"Russians" is a song by Sting, from his debut solo album, The Dream of the Blue Turtles, released in June 1985, and released as a single in November. The song is a commentary and plea that criticises the then-dominant Cold War foreign policy and doctrine of mutual assured destruction (MAD) by the United States and the then existing Soviet Union.

Background
In 2010, Sting explained that the song was inspired by watching Soviet TV via inventor Ken Schaffer's satellite receiver at Columbia University:

I had a friend at university who invented a way to steal the satellite signal from Russian TV. We'd have a few beers and climb this tiny staircase to watch Russian television... At that time of night we'd only get children's Russian television, like their "Sesame Street". I was impressed with the care and attention they gave to their children's programmes.
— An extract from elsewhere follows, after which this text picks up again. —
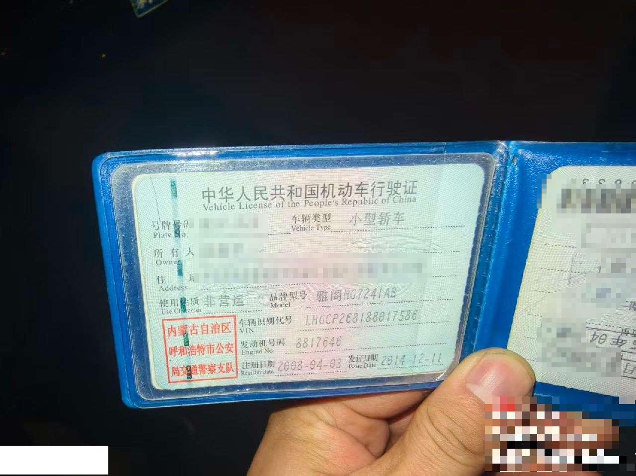 车辆归属地 内蒙古自治区呼和浩特 车辆停放仓库 内蒙古自治区呼和浩特
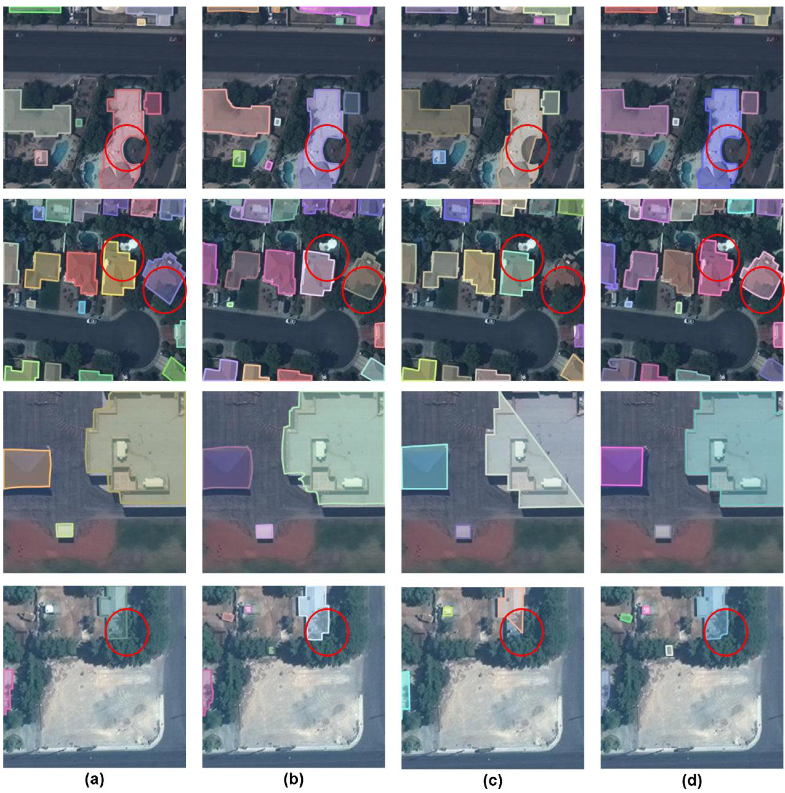 Figure 7 intuitively demonstrates the visual effect of our method’s building polygon extraction in different scenarios, further confirming the quantitative analysis results. For irregular or complex buildings, original FrameField and PolyWorld often show overly smooth or distorted boundaries (red circles). EA-DBFFN precisely captures these fine geometric features, yielding polygon boundaries that better align with ground-truth contours and sharper edges, consistent with our lower MTA and higher

I regret our current enemies haven't got the same ethics.

Sting performed the song at the 1986 Grammy Awards.  His performance of the song was released on the 1994 album Grammy's Greatest Moments Volume 1.

Music video
The accompanying music video for the single was directed by Jean-Baptiste Mondino, and was shot in a similar black-and-white, French New Wave-influenced style to his previous video for Don Henley's "The Boys of Summer". The video also prominently featured child actor Felix Howard, who was later featured Mondino's promotional video for Madonna's "Open Your Heart" in 1986.

Composition 
The song uses the Romance theme from the Lieutenant Kijé Suite by Russian composer Sergei Prokofiev, and its lead-in includes a snippet from the Soviet news program Vremya in which the famed Soviet news broadcaster Igor Kirillov says in Russian: "...The British Prime Minister described the talks with the head of the delegation, Mikhail Sergeyevich Gorbachev, as a constructive, realistic, practical and friendly exchange of opinions...", referring to the meeting of Mikhail Gorbachev and Margaret Thatcher in 1984. The Soviet leader at the time was Konstantin Chernenko.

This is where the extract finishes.